浅紫嫩白,零星开在软草之间,不似京城园花雍容娇贵,却顺着长风肆意盛放,清浅幽香,朴素鲜活,衬得苍茫大漠多了几分细碎温柔。
方才卧草闲谈过后,虞悦起身闲逛,目光一瞬被路边野花勾住。
她快步走过去,弯腰轻轻采摘,指尖拢着一簇簇细碎花枝,不一会儿便攒了满怀娇嫩野花,花色清新,衬得她指尖愈发莹白。
回头见陆瑜依旧静静坐在草甸上,抬眸望着天边流云,身姿清挺端正,眉目干净利落。
虞悦眼底一亮,揣着满心顽皮的兴致,快步奔回他身前。
不等陆瑜反应,她踮起脚尖,抬手便将一朵小花往他鬓边轻插而去。
花瓣柔软,贴着乌黑鬓发,清雅别致。
陆瑜微怔,随即偏头避开,指尖轻抵她的手腕,耳尖悄然泛起浅淡薄红,语气带着几分无奈的轻斥:“阿悦,不要胡闹。”
“我是男子,哪有头戴野花的道理。”
他自幼习得端正礼仪,恪守将门分寸,一身风骨素来利落肃穆,从未做过这般轻俏顽闹的事。少年心性本就内敛端稳,这般簪花嬉戏,于他而言太过羞赧。
可虞悦半点不肯依他,仰着小脸理直气壮反驳:“谁规定男子不能戴花了?”
“大漠的花,开给天地,也能戴给喜欢的人看。”
她说得坦荡纯粹,九岁心思澄澈无垢,不懂风月俏皮,只觉好看便要给他尽数戴上。
话音落,她挣脱他的手,不再听他推辞。
一簇簇野花,认认真真、挨挨挤挤,尽数往他的发间、鬓边、发顶插去。
陆瑜避了两次,见她眼神执着、眉眼欢喜,所有推辞的话尽数卡在喉间。
终究是舍不得扫她半分兴致。
他无奈敛了动作,端坐原地,任由她肆意摆弄,任由细碎繁花缀满乌黑发丝。
少年身姿挺拔端正,眉眼清隽冷冽,本是沙场砺出的沉稳风骨,此刻鬓边繁花簇簇,冷肃气质被温柔打散,生出一种极致反差的好看。

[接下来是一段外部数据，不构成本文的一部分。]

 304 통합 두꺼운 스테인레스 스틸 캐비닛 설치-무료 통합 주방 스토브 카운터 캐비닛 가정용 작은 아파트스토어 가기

插完最后一朵小花,虞悦退后两步,认认真真端详片刻,眼底漾开明亮笑意,直白又恳切地夸赞:“哥哥本来就长得好看,戴了花,就更好看了。”
童言无忌,字字真诚。
没有半分戏谑胡闹,是打心底里觉得,他配得上世间所有鲜活美好。
陆瑜垂着眸,耳根红意愈浓,连脖颈都染着淡淡的薄羞。
他素来沉静内敛,极少被人这般直白夸赞,更何况是这般孩童气的捉弄嬉闹,心底又羞又软,无奈又纵容,偏偏半句责备的话也说不出口。

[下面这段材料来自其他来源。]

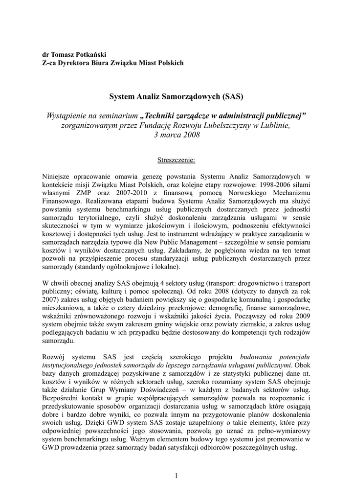 dr Tomasz Potkański Z-ca Dyrektora Biura Związku Miast Polskich System Analiz Samorządowych (SAS) Wystąpienie na seminarium „Techniki zarządcze w administracji publicznej” zorganizowanym przez Fundację Rozwoju Lubelszczyzny w Lublinie, 3 marca 2008 Streszczenie: Niniejsze opracowanie omawia genezę powstania Systemu Analiz Samorządowych w kontekście misji Związku Miast Polskich, oraz kolejne etapy rozwojowe: 1998-2006 siłami własnymi ZMP oraz 2007-2010 z finansową pomocą Norweskiego Mechanizmu Finansowego. Realizowana etapami budowa Systemu Analiz Samorządowych ma służyć powstaniu systemu benchmarkingu usług publicznych dostarczanych przez jednostki samorządu terytorialnego, czyli służyć doskonaleniu zarządzania usługami w sensie skuteczności w tym w wymiarze jakościowym i ilościowym, podnoszeniu efektywności kosztowej i dostępności tych usług. Jest to instrument wdrażający w praktyce zarządzania w samorządach narzędzia typowe dla New Public Management – szczególnie w sensie pomiaru kosztów i wyników dostarczanych usług. Zakładamy, że pogłębiona wiedza na ten temat pozwoli na przyśpieszenie procesu standaryzacji usług publicznych dostarczanych przez samorządy (standardy ogólnokrajowe i lokalne). W chwili obecnej analizy SAS obejmują 4 sektory usług (transport: drogownictwo i transport publiczny; oświatę, kulturę i pomoc społeczną). Od roku 2008 (dotyczy to danych za rok 2007) zakres usług objętych badaniem powiększy się o gospodarkę komunalną i gospodarkę mieszkaniową, a także o cztery dziedziny przekrojowe: demografię, finanse samorządowe, wskaźniki zrównoważonego rozwoju i wskaźniki jakości życia. Począwszy od roku 2009 system obejmie także swym zakresem gminy wiejskie oraz powiaty ziemskie, a zakres usług podlegających badaniu w ich przypadku będzie dostosowany do kompetencji tych rodzajów samorządu. Rozwój systemu SAS jest częścią szerokiego projektu budowania potencjału instytucjonalnego jednostek samorządu do lepszego zarządzania usługami publicznymi. Obok bazy danych gromadzącej pozyskiwane z samorządów i ze statystyki publicznej dane nt. kosztów i wyników w różnych sektorach usług, szeroko rozumiany system SAS obejmuje także działanie Grup Wymiany Doświadczeń – w każdym z badanych sektorów usług. Bezpośredni kontakt w grupie współpracujących samorządów pozwala na rozpoznanie i przedyskutowanie sposobów organizacji dostarczania usług w samorządach które osiągają dobre i bardzo dobre wyniki, co pozwala innym na przygotowanie planów doskonalenia swoich usług. Dzięki GWD system SAS zostaje uzupełniony o takie elementy, które przy odpowiedniej powszechności jego stosowania, pozwolą go uznać za pełno-wymiarowy system benchmarkingu usług. Ważnym elementem budowy tego systemu jest promowanie w GWD prowadzenia przez samorządy badań satysfakcji odbiorców poszczególnych usług. 1 I. Geneza powstania Systemu SAS w kontekście misji Związku Miast Polskich: Wśród statutowych celów Związku Miast Polskich (ZMP) najważniejsze dotyczą reprezentowania na forum krajowym i międzynarodowym interesów miast polskich, w tym, m.in. poprzez uczestnictwo w procesie tworzenia prawa. Ta funkcja jest bardziej znana i oczywista. Jednakże Statut ZMP nakłada na niego także zadanie świadczenia pomocy miastom członkowskim w doskonaleniu form zarządzania w miastach. Niniejszy referat opisuje jedną z głównych form tej działalności. Jednym z podstawowych celów istnienia samorządów, obok wykonywania funkcji regulacyjnych, władczych i organizującej (np. rozwój lokalny) jest dostarczanie usług publicznych członkom wspólnoty samorządowej. Dla celów tego referatu możemy podzielić wszystkie usługi publiczne na 3 ogólne grupy1: – usługi społeczne; – usługi techniczne (zwane też komunalnymi); – usługi administracyjne. Większość środków finansowych jakimi dysponuje jednostka samorządu jest wydatkowanych pośrednio lub bezpośrednio właśnie na dostarczanie usług publicznych. Biorąc pod uwagę skalę środków publicznych jaka jest dostępna samorządom - stanowiącą równowartość ponad 10% PKB - koniecznym jest stworzenie metod oceny efektywności, gospodarności i skuteczności wydatkowania tych środków. System Analiz Samorządowych, którego początki sięgają roku 19972 i ma na celu pomiar kosztów i wyników dostarczanych usług w usługach społecznych i technicznych. Jest także podstawą do stworzenia systemu benchmarkingu w zakresie dostarczania usług publicznych – a więc w zamierzeniach powinien pozwolić na dokonanie czterech kroków z jakich składa się każdy system benchmarkingu: (1) na zmierzenie podstawowych parametrów usług w miastach, które w nim uczestniczą, (2) na porównanie się tych miast w sposób ścisły, (3) na dokonanie analizy sposobu dostarczania usług w miastach które uczestniczą w systemie, oraz powinien pozwolić miastom na (4) udoskonalenie swoje własnych metod dostarczania usług – z korzyścią dla własnych mieszkańców. Nie wszystkie z tych czterech kroków były w pełni możliwe do tej pory w oparciu o SAS. 1 Patrz: Zarządzanie w samorządzie terytorialnym. Najlepsze praktyki, (red) M. Zawicki, St. Mazur, J. Bober, Małopolska Szkoła Administracji Publicznej AE, Kraków 2004, s. 30. 2 Metodologię pomiaru podstawowych parametrów usług w ramach SAS rozpoczęto przygotowywać w roku 1997, korzystając z grantu USAID w ramach projektu Democratic Governance and Public Administration. Pierwsze badania wykonano w roku 1999 na próbie 10 miast, w oparciu o autorską metodologię przygotowaną przez ekspertów Związku. Od roku 2000 system jest rozwijany i finansowany ze środków własnych ZMP i bierze w nim udział corocznie 60-70 miast na zasadzie wolontariatu. W roku 2007 badania SAS włączone zostały w realizację projektu „Budowanie potencjału instytucjonalnego samorząd
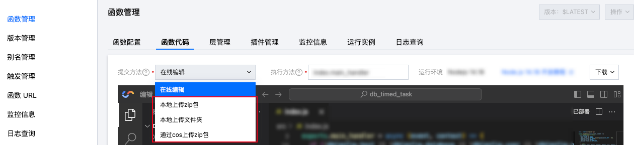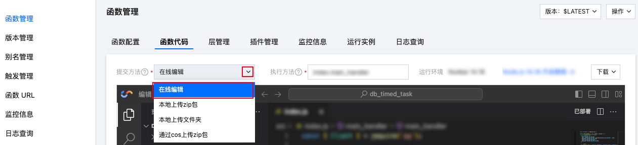 进入函数管理 > 函数代码页面,选择提交方法为在线编辑。

只能静静坐着,任由她赏玩打量,将所有别扭羞涩,尽数藏在眼底温柔里。
春风拂过,鬓边花枝轻颤,花香浅浅,岁月温柔得不像话。
嬉闹尽兴,日头也渐渐西沉,暮色漫过整片荒原,落日熔金,晚风渐凉。
玩了整整一日,奔跑、打滚、嬉闹,虞悦早已疲累缠身。
方才的鲜活雀意慢慢褪去,眼皮渐渐发沉,脚步也变得虚软,困意层层翻涌,只习惯性地往陆瑜身侧靠。
“哥哥……天黑了。”
她嗓音软糯发蔫,脑袋昏沉,连睁眼都费力。
陆瑜见状,不再逗她,俯身轻轻将人打横抱起。
怀中人软软依偎,脑袋靠在他肩头,眨眼间便困得睁不开眼,小手还浅浅攥着他的衣襟,牢牢不肯松开。
暮色辽阔,风沙温柔。
他抱着沉沉欲睡的虞悦,步履稳而快,迎着落日余晖,一路稳稳奔回军营。
全程护得极妥,稳稳托着她的膝弯与脊背,避开路上所有碎石坎坷,半点颠簸都不舍得让她受。
入帐之后,夜色已深。
陆瑜轻手轻脚将她放在榻上,生怕惊扰她睡意。
替她拂去发间草屑、摘净残留的花瓣,褪去沾染风沙的外衣,又仔细掖好厚实锦被,将边角压得严丝合缝,挡住帐中微凉夜风。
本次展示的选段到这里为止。